Takahashi Kanae, Yamamoto Kouji, Kuchiba Aya, Koyama Tatsuki
Department of Medical Statistics, Osaka City University Graduate School of Medicine, Osaka, Japan.
Department of Biostatistics, Hyogo College of Medicine, Hyogo, Japan.
Appl Intell (Dordr). 2022 Mar;52(5):4961-4972. doi: 10.1007/s10489-021-02635-5. Epub 2021 Jul 31.
A binary classification problem is common in medical field, and we often use sensitivity, specificity, accuracy, negative and positive predictive values as measures of performance of a binary predictor. In computer science, a classifier is usually evaluated with precision (positive predictive value) and recall (sensitivity). As a single summary measure of a classifier's performance, score, defined as the harmonic mean of precision and recall, is widely used in the context of information retrieval and information extraction evaluation since it possesses favorable characteristics, especially when the prevalence is low. Some statistical methods for inference have been developed for the score in binary classification problems; however, they have not been extended to the problem of multi-class classification. There are three types of scores, and statistical properties of these scores have hardly ever been discussed. We propose methods based on the large sample multivariate central limit theorem for estimating scores with confidence intervals.

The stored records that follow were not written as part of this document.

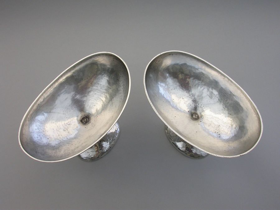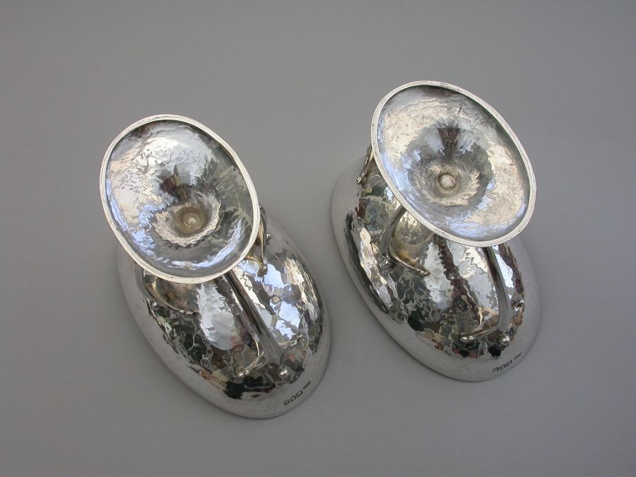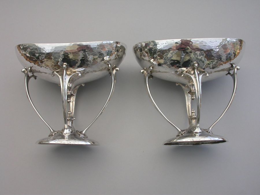 A good quality pair of Edwardian silver Bowls made in the Arts and Crafts style with a hammered finish, the oval bowls supported by four scrolled legs.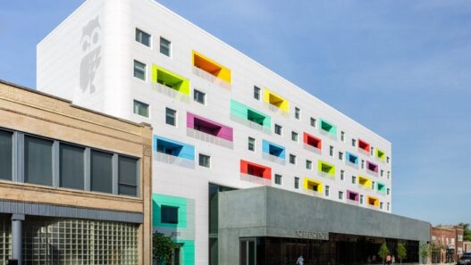 Проект получил название Independence Library and Apartments. В новостройке с белым фасадом и яркими балконами имеется 44 квартиры. Они предназначены для арендаторов, возраст которых превысил 62 года, а доходы — ниже среднего. Кроме этого, в таком здании предусмотрена прачечная и фитнес-центр.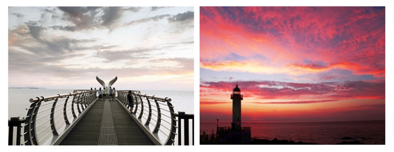 ▲ 백수해안도로 노을전망대(왼쪽)와 낙조 백수해안도로에서 바라본 낙조 [전남 영광군]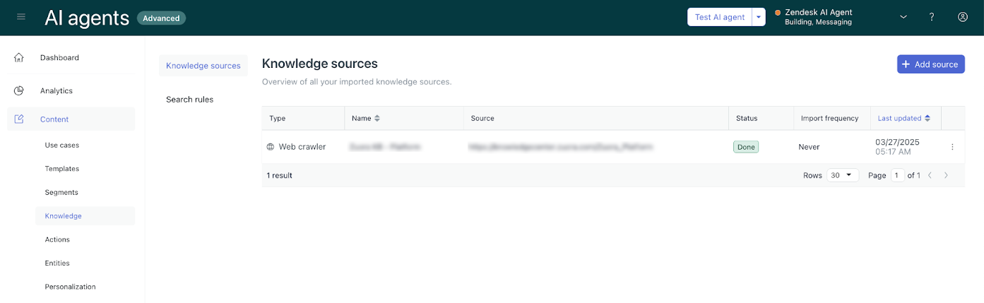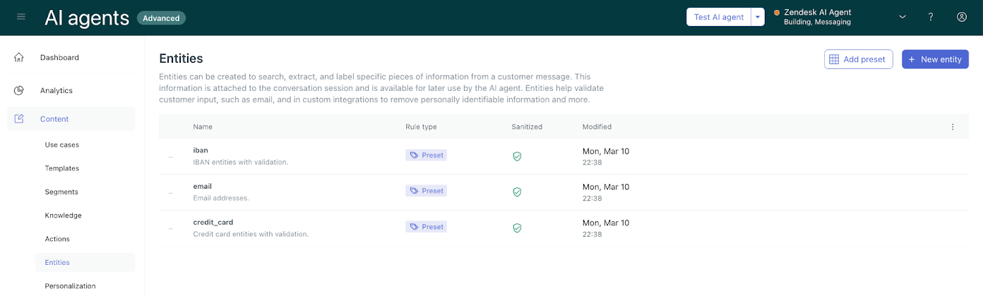 In AI Agents – Advanced werden die Einstellungsseiten für „Generative Antworten“ (einschließlich „Wissen“, „Suchregeln“, „Anleitungen“ und „Persona“) und „Entitäten“ verschoben: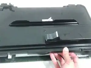 Потяните заднюю панель к себе и поднимите её от остальной части крышки принтера.
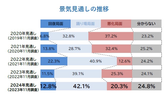 2024年の景気、「回復」局面(12.8%)、「踊り場」局面(42.1%)は前回調査(2022年11月)からそれぞれ上昇。他方、「悪化」局面(20.3%)は5.0ポイント低下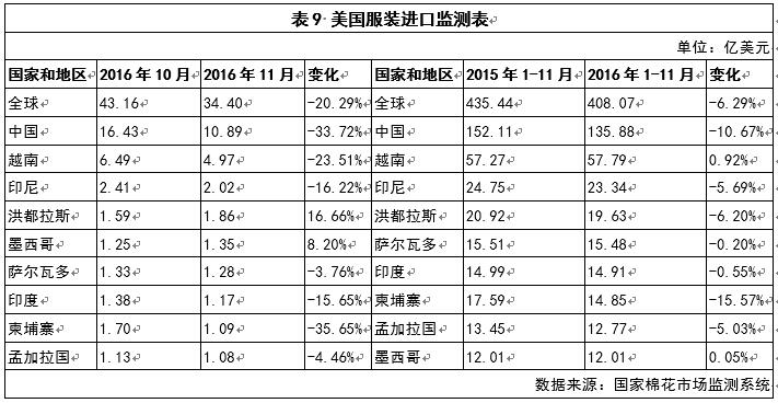 2016年11月,美國(guó)服裝進(jìn)口金額34.40億美元,較10月份減少20.29%;2016年1-11月,美國(guó)累計(jì)服裝進(jìn)口額口408.07億美元,同比減少6.29%,主要進(jìn)口來(lái)源為中國(guó)、越南、印度尼西亞、洪都拉斯、洪都拉斯、薩爾瓦多、印度、柬埔寨和孟加拉國(guó)(見表9)。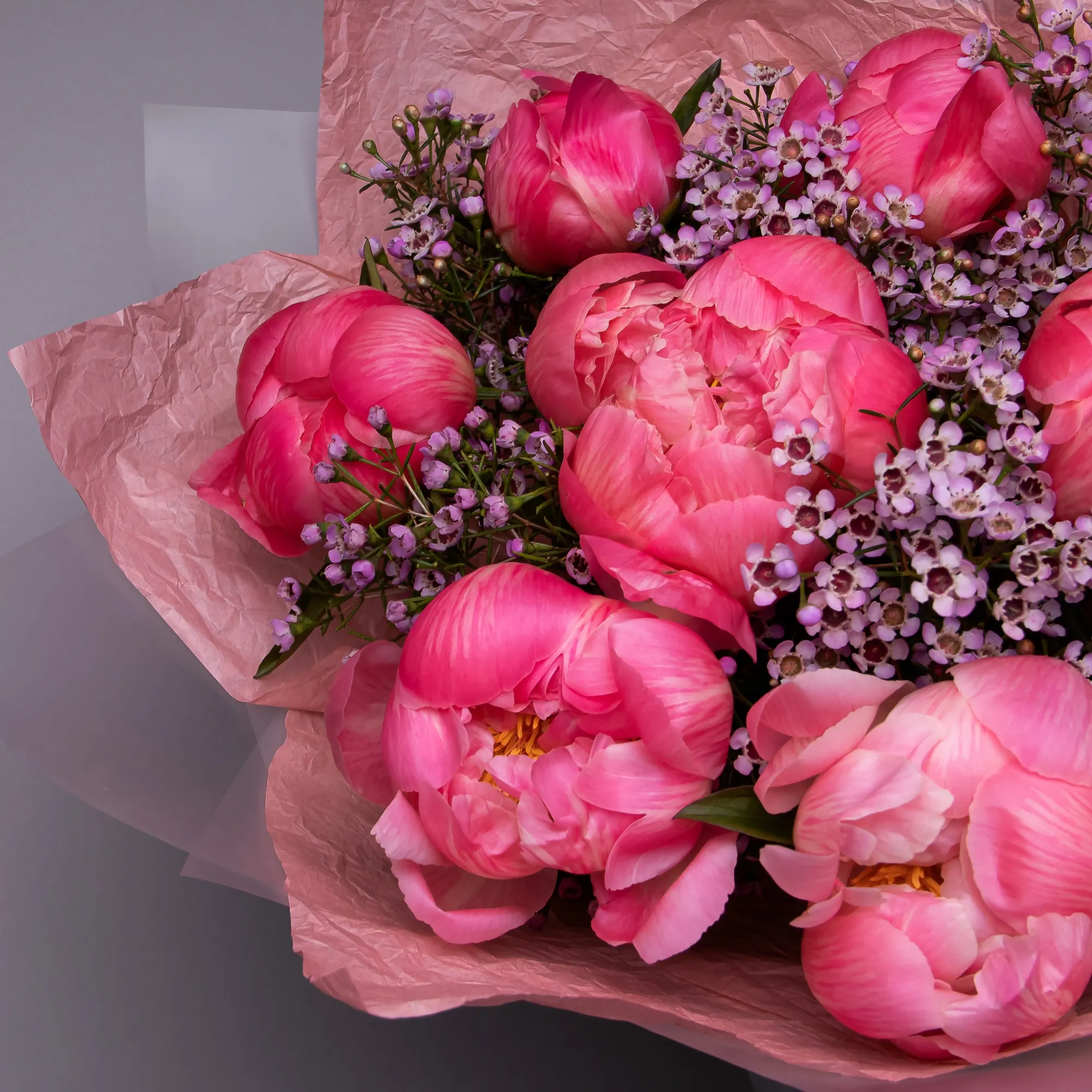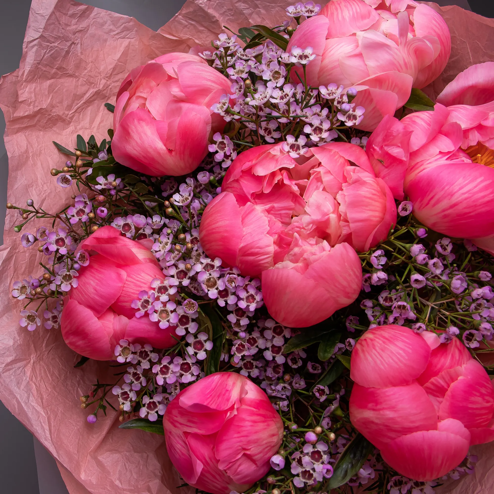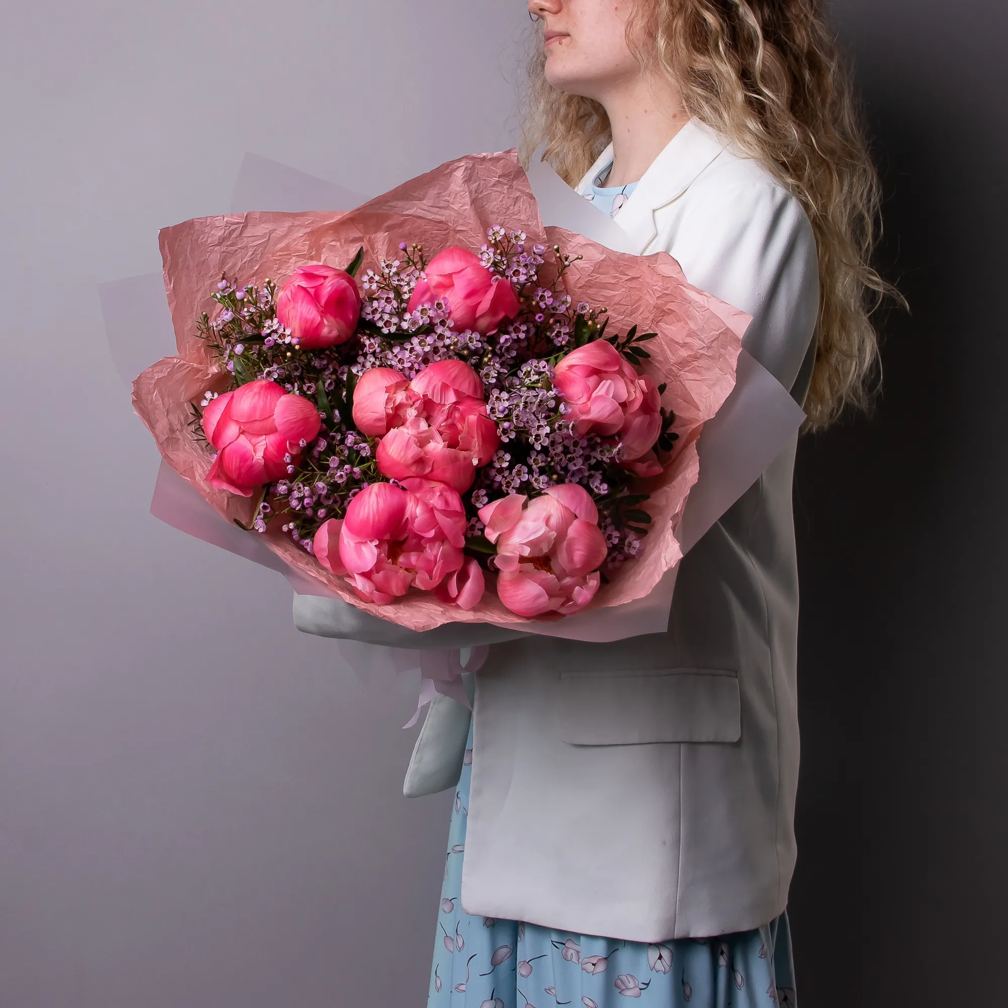 Яркий букет из пионов сорта "Корал Шарм", меняющих цвет в процессе раскрытия, и ароматной лаванды. Гарантированно вскружит голову любой девушке!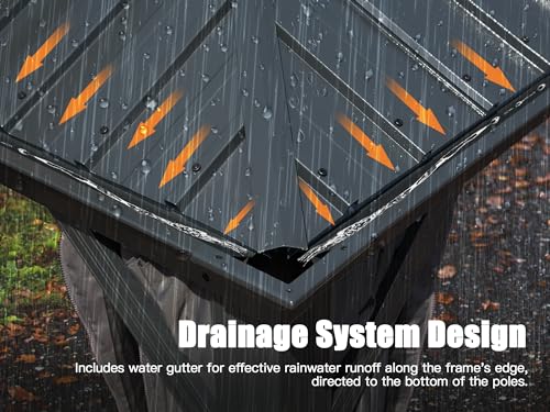 • ❤️Choose Domi hardtop gazebo for an exceptional outdoor experience- Our built-in drainage system collects rainwater on the roof, flowing down from inside the column to the ground through the gutter. This feature ensures you can enjoy the tranquility and comfort of outdoor life even on rainy days, avoiding any chaos caused by rainfall. If you value quality, choose Domi 14x22FT gazebo for a seamless outdoor experience.

二元分类问题在医学领域很常见,我们经常使用灵敏度、特异度、准确度、阴性预测值和阳性预测值作为二元预测器性能的度量指标。在计算机科学中,分类器通常用精确率(阳性预测值)和召回率(灵敏度)来评估。作为分类器性能的单一汇总度量指标,F1分数定义为精确率和召回率的调和平均数,由于它具有良好的特性,特别是在患病率较低的情况下,因此在信息检索和信息提取评估中被广泛使用。针对二元分类问题中的F1分数,已经开发了一些用于推断的统计方法;然而,它们尚未扩展到多类分类问题。有三种类型的F1分数,而这些F1分数的统计特性几乎从未被讨论过。我们提出了基于大样本多元中心极限定理的方法,用于估计带有置信区间的F1分数。